> [Activity]
Images are to be dropped, and the rest of the data reproduced exactly.

> [Material provided]
_ _ _ _ _

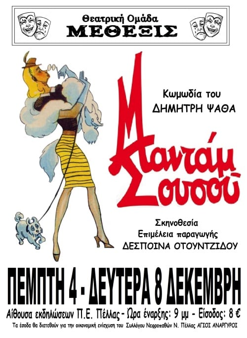 »Ακόμη το Ζητείται Ψεύτης που παίχτηκε τον Οκτώβριο από την Θεατρική Ομάδα Βριλησσίων για την ενίσχυση του Συλλόγου Ατόμων με Νοητική Στέρηση “ΑΓΑΠΗ ΚΑΙ ΦΡΟΝΤΙΔΑ” και τώρα η Μαντάμ Σουσού που θα παιχτεί από την θεατρική ομάδα “ΜΕΘΕΞΙΣ” της Δέσποινας Οτουντζίδου στην Έδεσσα για την ενίσχυση του Συλλόγου Νεφροπαθών Πέλλας “ΑΓΙΟΙ ΑΝΑΡΓΥΡΟΙ”» δήλωσε η Λένα Νίτσου-Ψαθά.
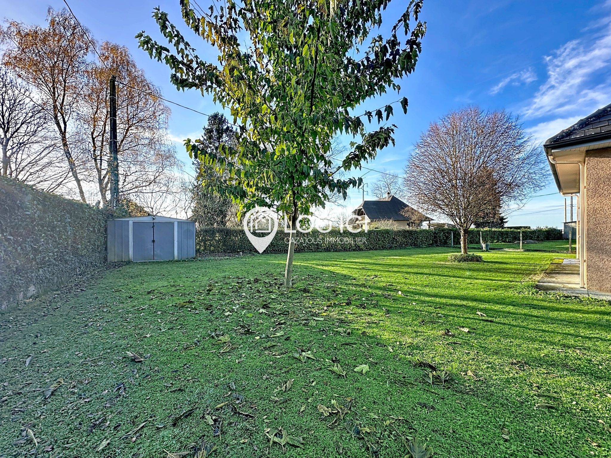 À l’extérieur, le terrain arboré de plus de 1 000 m² vous laisse de la place pour profiter, imaginer un potager… ou simplement le calme.
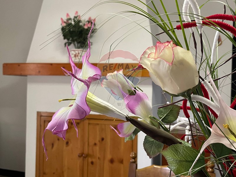 In cima la scala che da accesso al primo piano è presente una bella terrazza vivibile, coperta, da sfruttare come zona conviviale e l'ingresso dell'abitazione che misura circa 125 mq e si compone di un soggiorno con camino, una cucina abitabile, un bagno, tre ampie camere da una delle quali si accede alla soffitta e il ripostiglio.
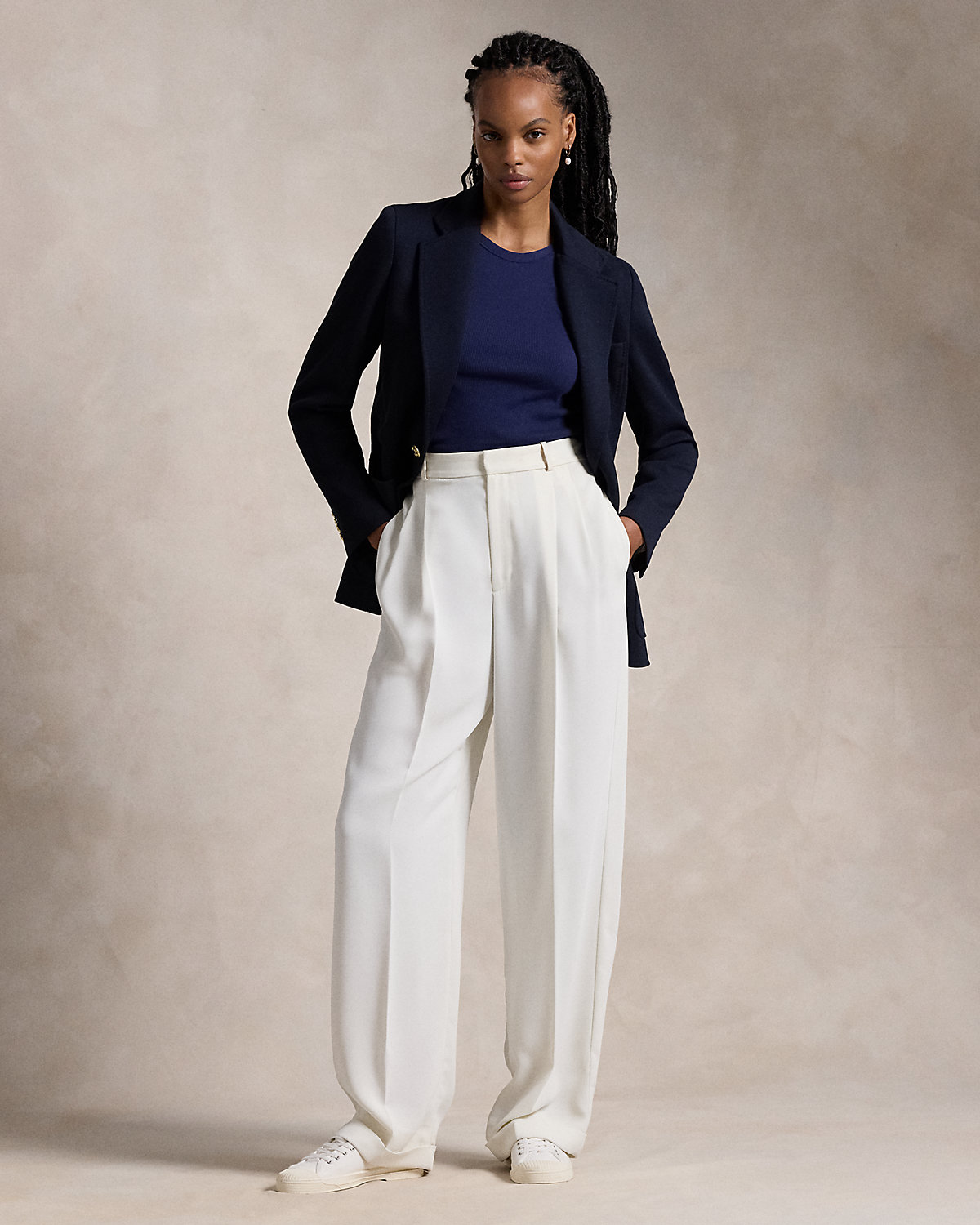 - Notch lapels. One-div silhouette.

_ _ _ _ _

> [Solution to the exercise]
 »Ακόμη το Ζητείται Ψεύτης που παίχτηκε τον Οκτώβριο από την Θεατρική Ομάδα Βριλησσίων για την ενίσχυση του Συλλόγου Ατόμων με Νοητική Στέρηση “ΑΓΑΠΗ ΚΑΙ ΦΡΟΝΤΙΔΑ” και τώρα η Μαντάμ Σουσού που θα παιχτεί από την θεατρική ομάδα “ΜΕΘΕΞΙΣ” της Δέσποινας Οτουντζίδου στην Έδεσσα για την ενίσχυση του Συλλόγου Νεφροπαθών Πέλλας “ΑΓΙΟΙ ΑΝΑΡΓΥΡΟΙ”» δήλωσε η Λένα Νίτσου-Ψαθά.
 À l’extérieur, le terrain arboré de plus de 1 000 m² vous laisse de la place pour profiter, imaginer un potager… ou simplement le calme.
 In cima la scala che da accesso al primo piano è presente una bella terrazza vivibile, coperta, da sfruttare come zona conviviale e l'ingresso dell'abitazione che misura circa 125 mq e si compone di un soggiorno con camino, una cucina abitabile, un bagno, tre ampie camere da una delle quali si accede alla soffitta e il ripostiglio.
 - Notch lapels. One-div silhouette.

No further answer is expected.